------ Data under study ------

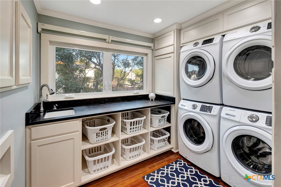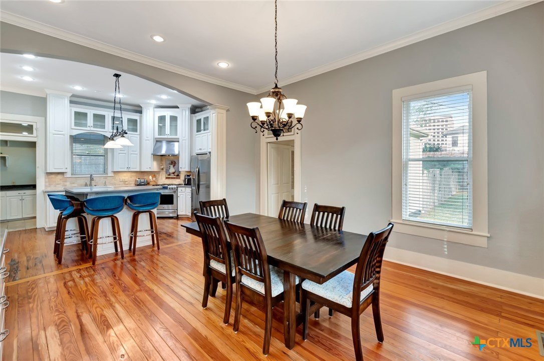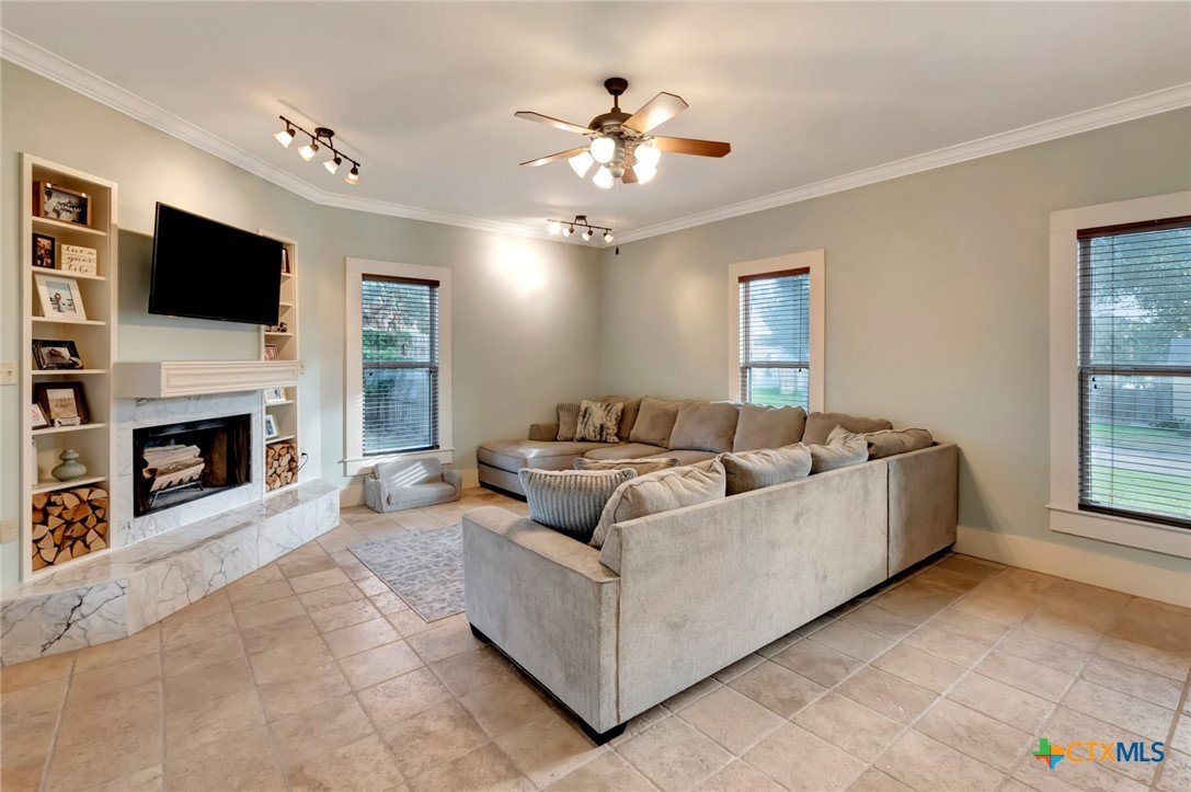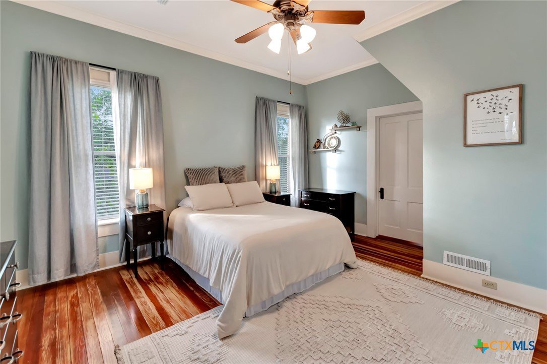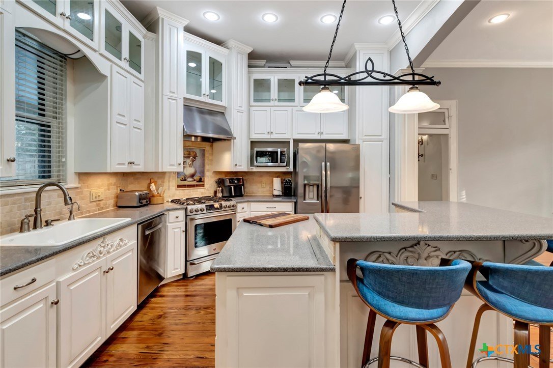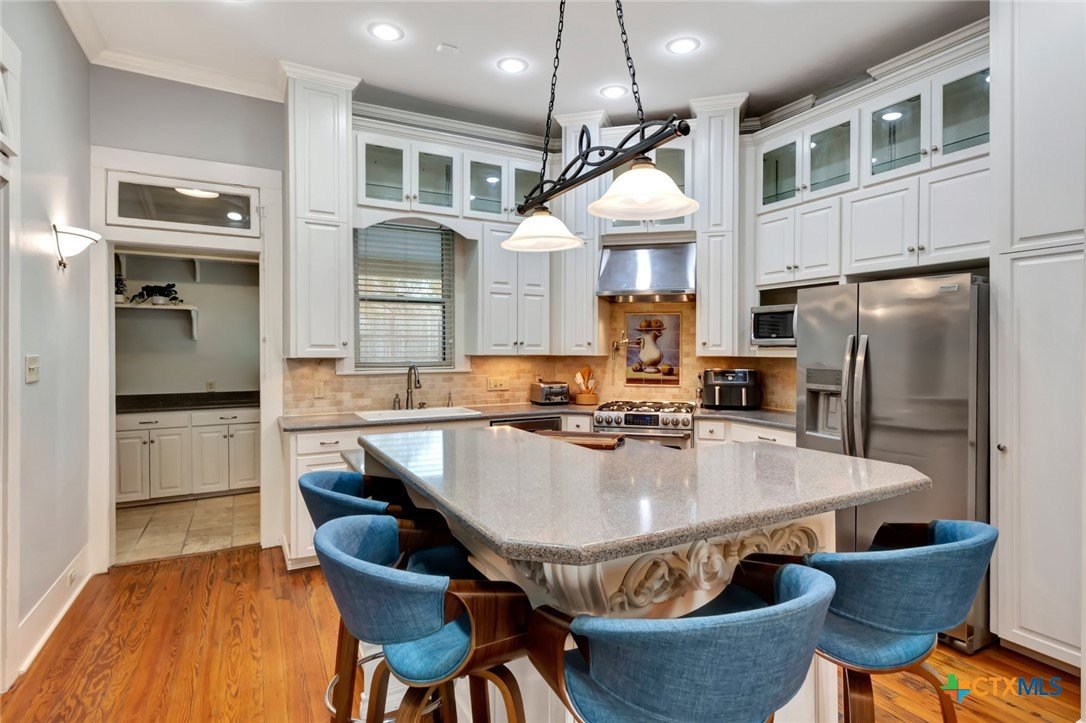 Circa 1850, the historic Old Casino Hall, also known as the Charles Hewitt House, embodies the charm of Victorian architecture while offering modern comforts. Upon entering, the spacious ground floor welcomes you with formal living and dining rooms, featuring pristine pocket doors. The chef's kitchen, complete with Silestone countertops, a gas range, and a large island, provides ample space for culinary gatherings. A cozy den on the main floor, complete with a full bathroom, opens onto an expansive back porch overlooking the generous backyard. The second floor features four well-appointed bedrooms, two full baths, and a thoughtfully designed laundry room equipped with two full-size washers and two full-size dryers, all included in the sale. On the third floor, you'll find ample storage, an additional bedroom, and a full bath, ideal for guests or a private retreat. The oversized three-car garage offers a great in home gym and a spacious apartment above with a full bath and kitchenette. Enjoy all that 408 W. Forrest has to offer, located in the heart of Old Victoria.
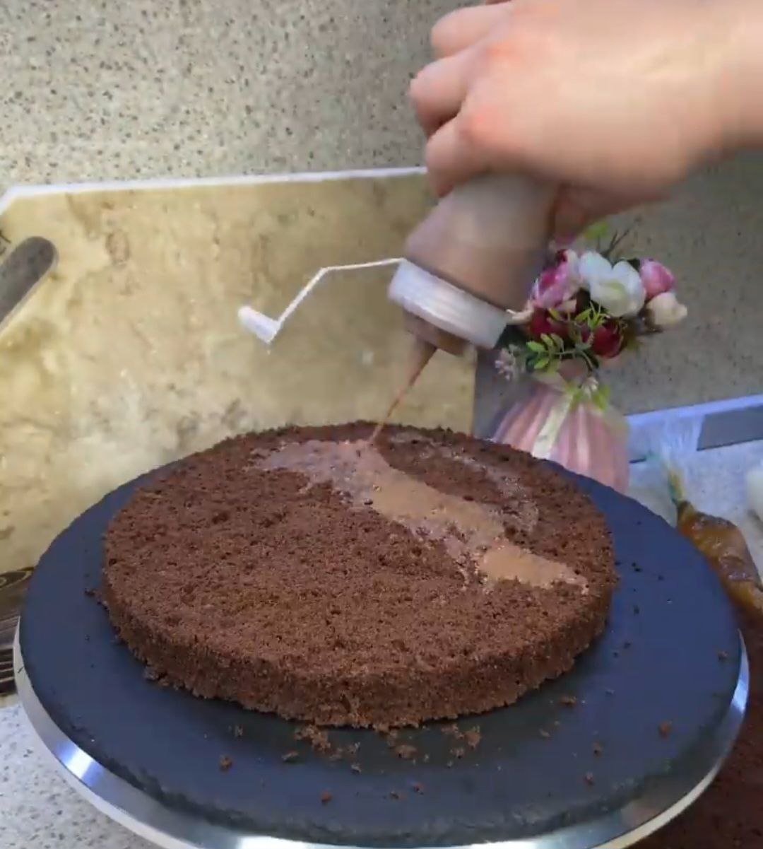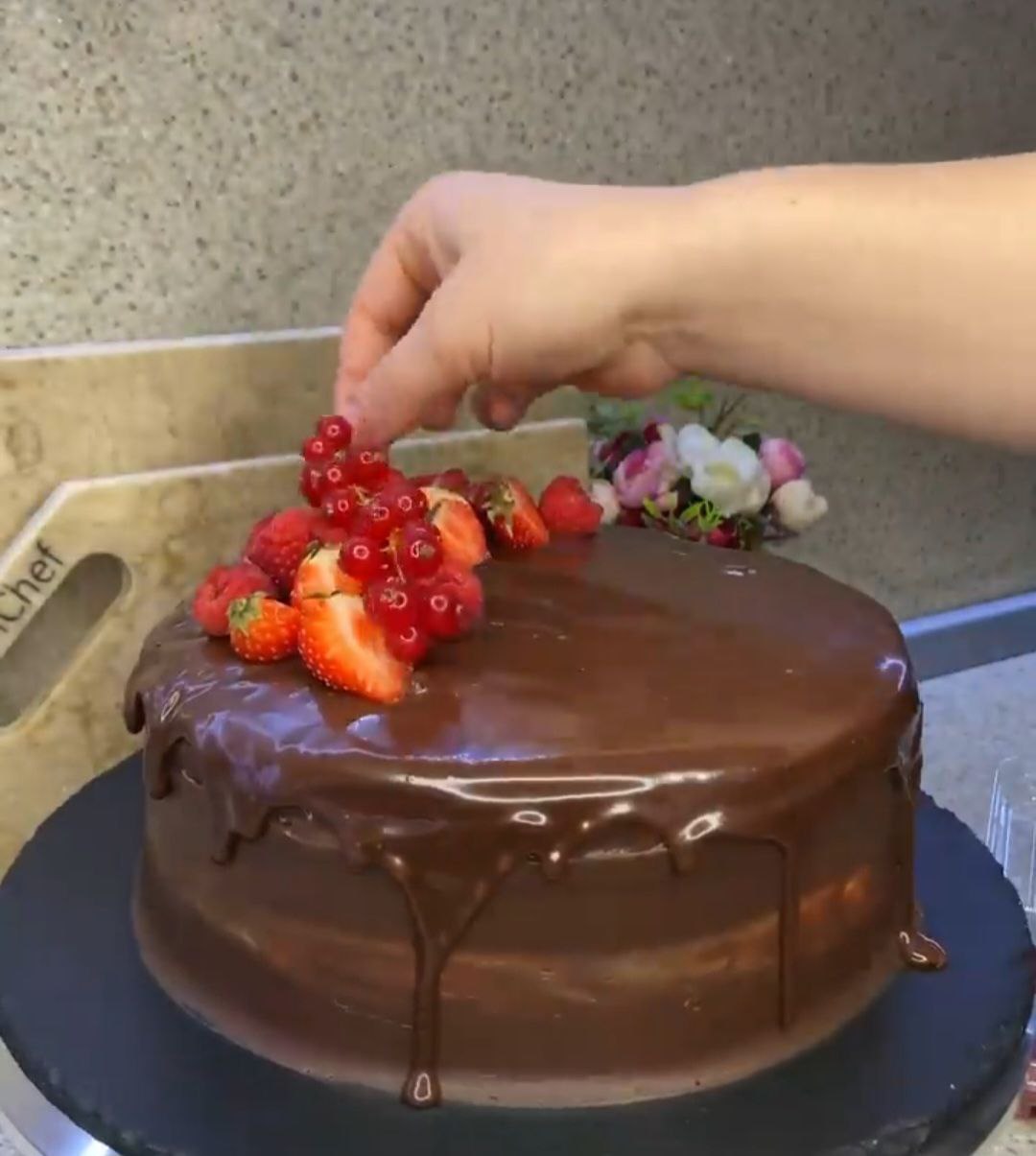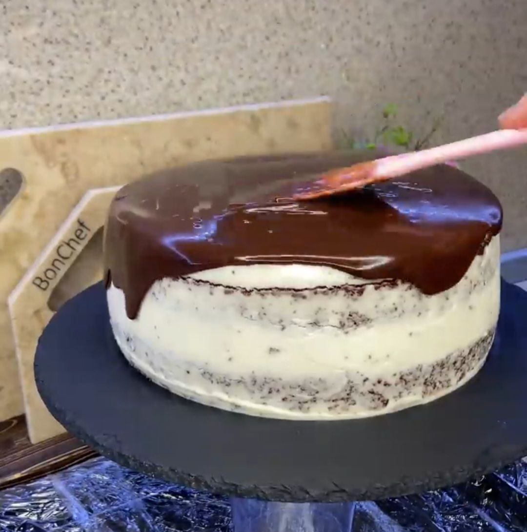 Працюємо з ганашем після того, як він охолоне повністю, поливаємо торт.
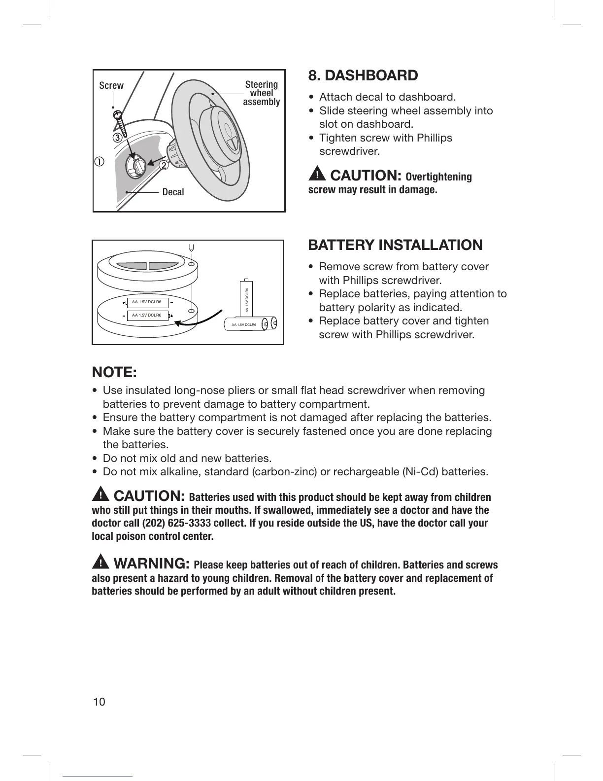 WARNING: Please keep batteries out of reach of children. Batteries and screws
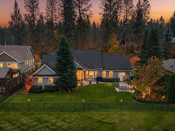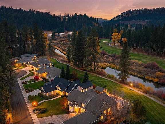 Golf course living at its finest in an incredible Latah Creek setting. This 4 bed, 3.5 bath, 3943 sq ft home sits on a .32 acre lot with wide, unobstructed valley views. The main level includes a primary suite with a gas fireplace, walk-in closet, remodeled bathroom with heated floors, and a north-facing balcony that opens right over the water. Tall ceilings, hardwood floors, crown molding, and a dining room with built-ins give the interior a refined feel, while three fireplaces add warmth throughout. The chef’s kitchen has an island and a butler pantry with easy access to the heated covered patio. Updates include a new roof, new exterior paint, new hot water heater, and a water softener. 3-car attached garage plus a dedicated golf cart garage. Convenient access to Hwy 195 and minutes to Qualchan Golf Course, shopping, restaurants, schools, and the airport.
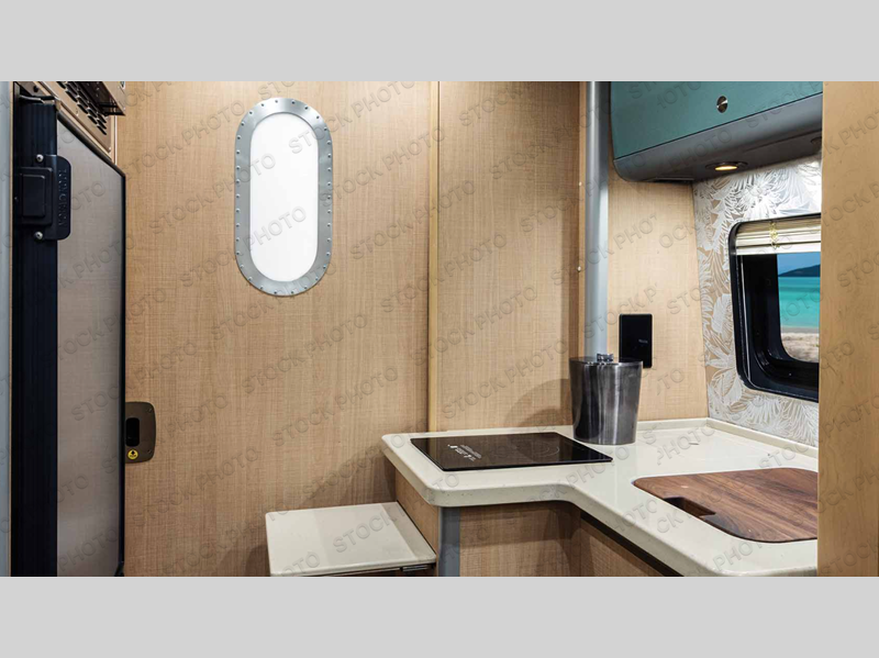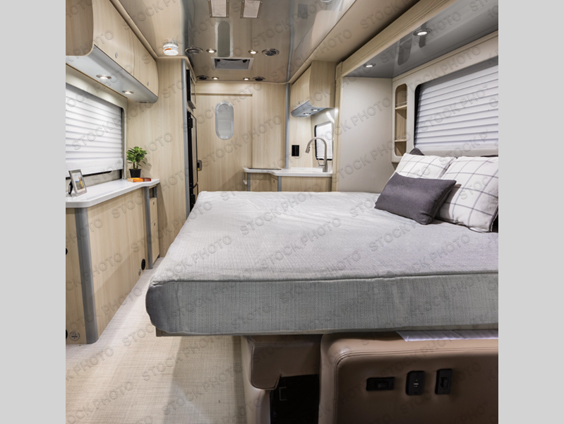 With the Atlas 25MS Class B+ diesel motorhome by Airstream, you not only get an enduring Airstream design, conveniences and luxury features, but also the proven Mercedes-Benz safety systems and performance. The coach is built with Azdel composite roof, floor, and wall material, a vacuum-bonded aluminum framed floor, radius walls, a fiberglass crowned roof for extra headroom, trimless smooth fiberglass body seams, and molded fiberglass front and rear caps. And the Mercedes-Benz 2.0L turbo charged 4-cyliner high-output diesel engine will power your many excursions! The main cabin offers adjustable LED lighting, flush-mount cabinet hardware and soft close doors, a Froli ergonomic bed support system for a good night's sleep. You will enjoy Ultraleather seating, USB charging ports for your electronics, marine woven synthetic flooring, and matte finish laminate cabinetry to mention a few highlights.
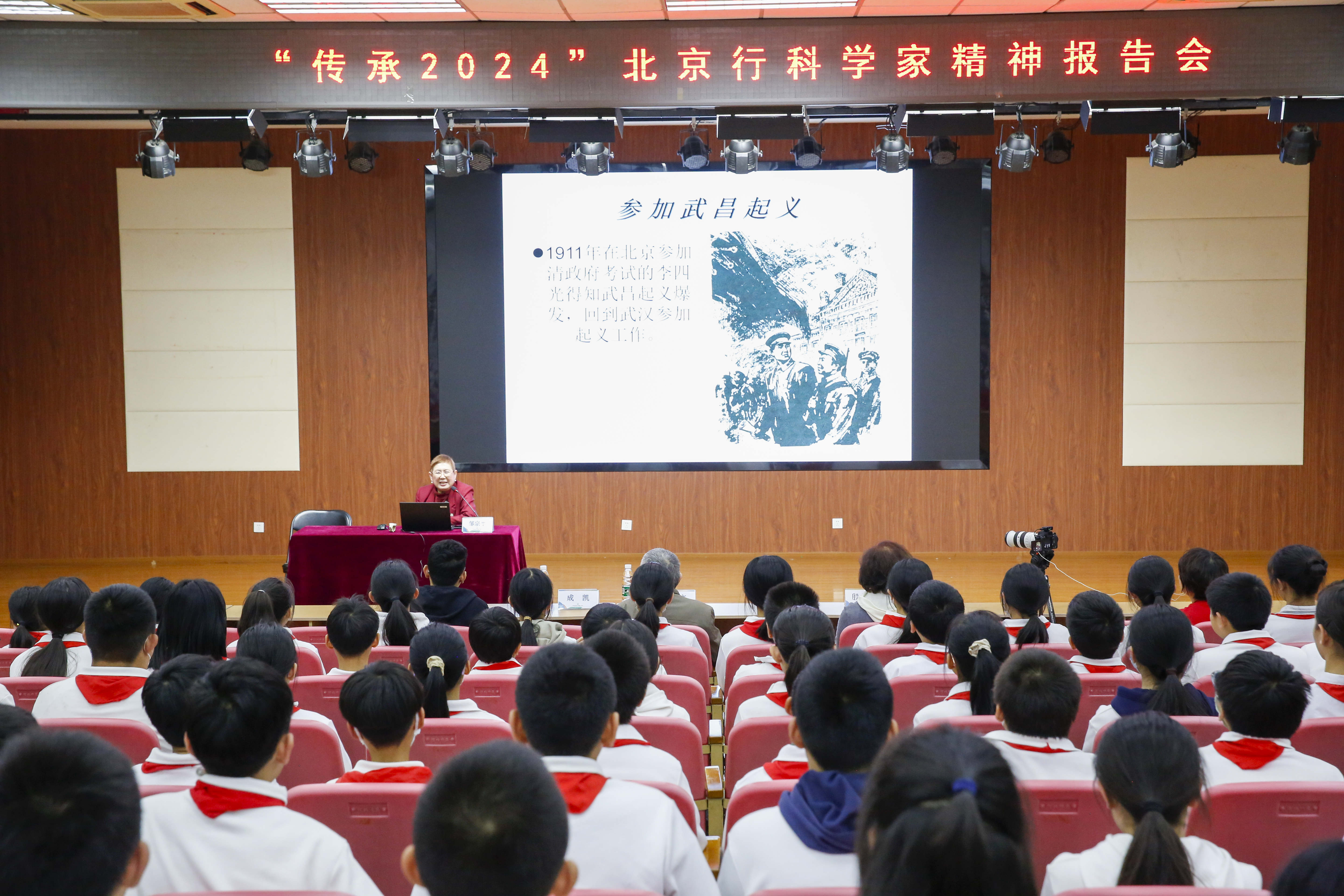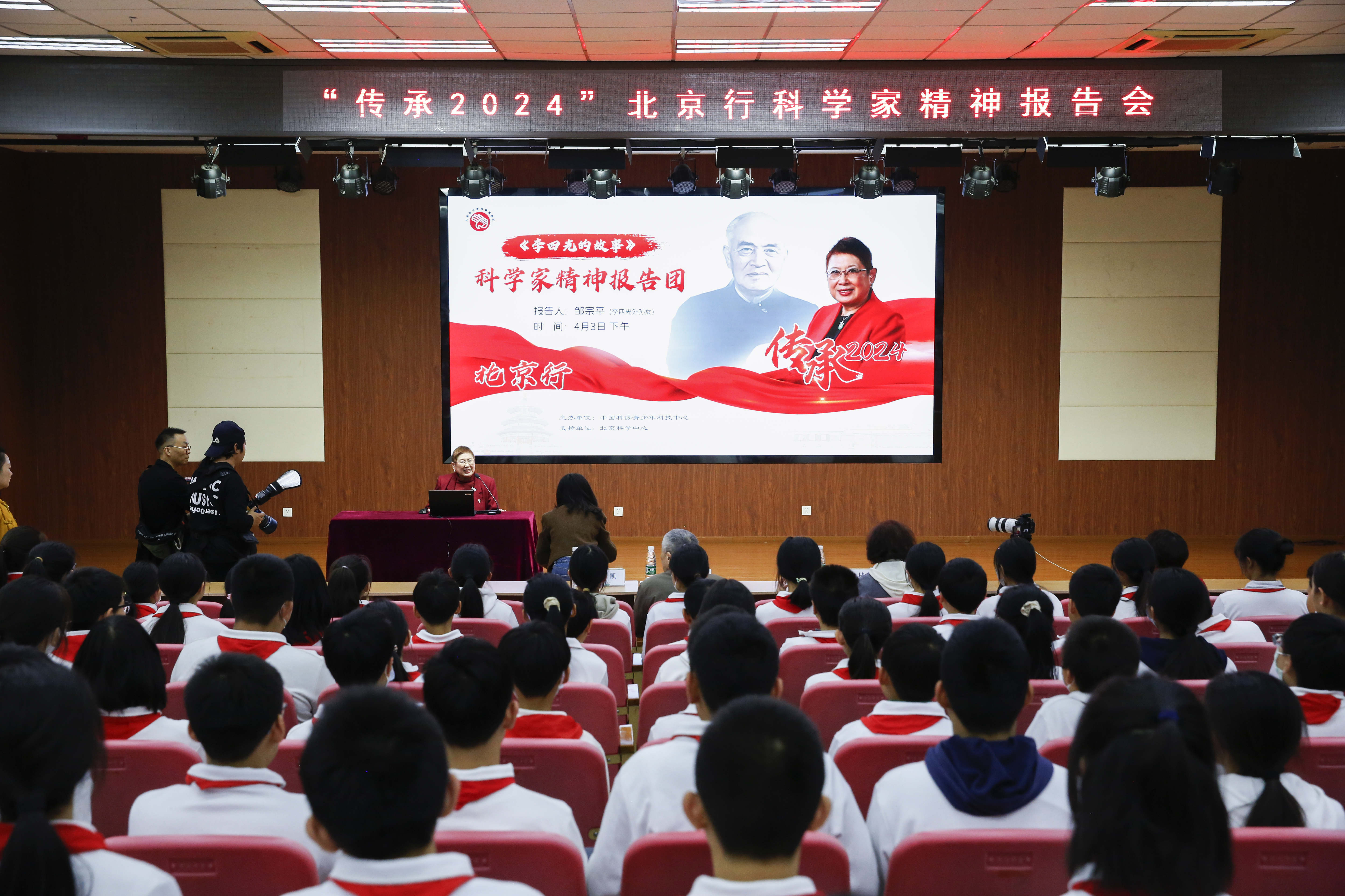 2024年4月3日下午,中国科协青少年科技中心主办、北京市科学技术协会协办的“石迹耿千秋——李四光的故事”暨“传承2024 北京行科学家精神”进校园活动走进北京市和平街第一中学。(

------

Go to the line that contains "With the Atlas" and copy it and every line after it through the end of the entries, exactly, without the pictures.

Answer to this exercise:
 With the Atlas 25MS Class B+ diesel motorhome by Airstream, you not only get an enduring Airstream design, conveniences and luxury features, but also the proven Mercedes-Benz safety systems and performance. The coach is built with Azdel composite roof, floor, and wall material, a vacuum-bonded aluminum framed floor, radius walls, a fiberglass crowned roof for extra headroom, trimless smooth fiberglass body seams, and molded fiberglass front and rear caps. And the Mercedes-Benz 2.0L turbo charged 4-cyliner high-output diesel engine will power your many excursions! The main cabin offers adjustable LED lighting, flush-mount cabinet hardware and soft close doors, a Froli ergonomic bed support system for a good night's sleep. You will enjoy Ultraleather seating, USB charging ports for your electronics, marine woven synthetic flooring, and matte finish laminate cabinetry to mention a few highlights.
 2024年4月3日下午,中国科协青少年科技中心主办、北京市科学技术协会协办的“石迹耿千秋——李四光的故事”暨“传承2024 北京行科学家精神”进校园活动走进北京市和平街第一中学。(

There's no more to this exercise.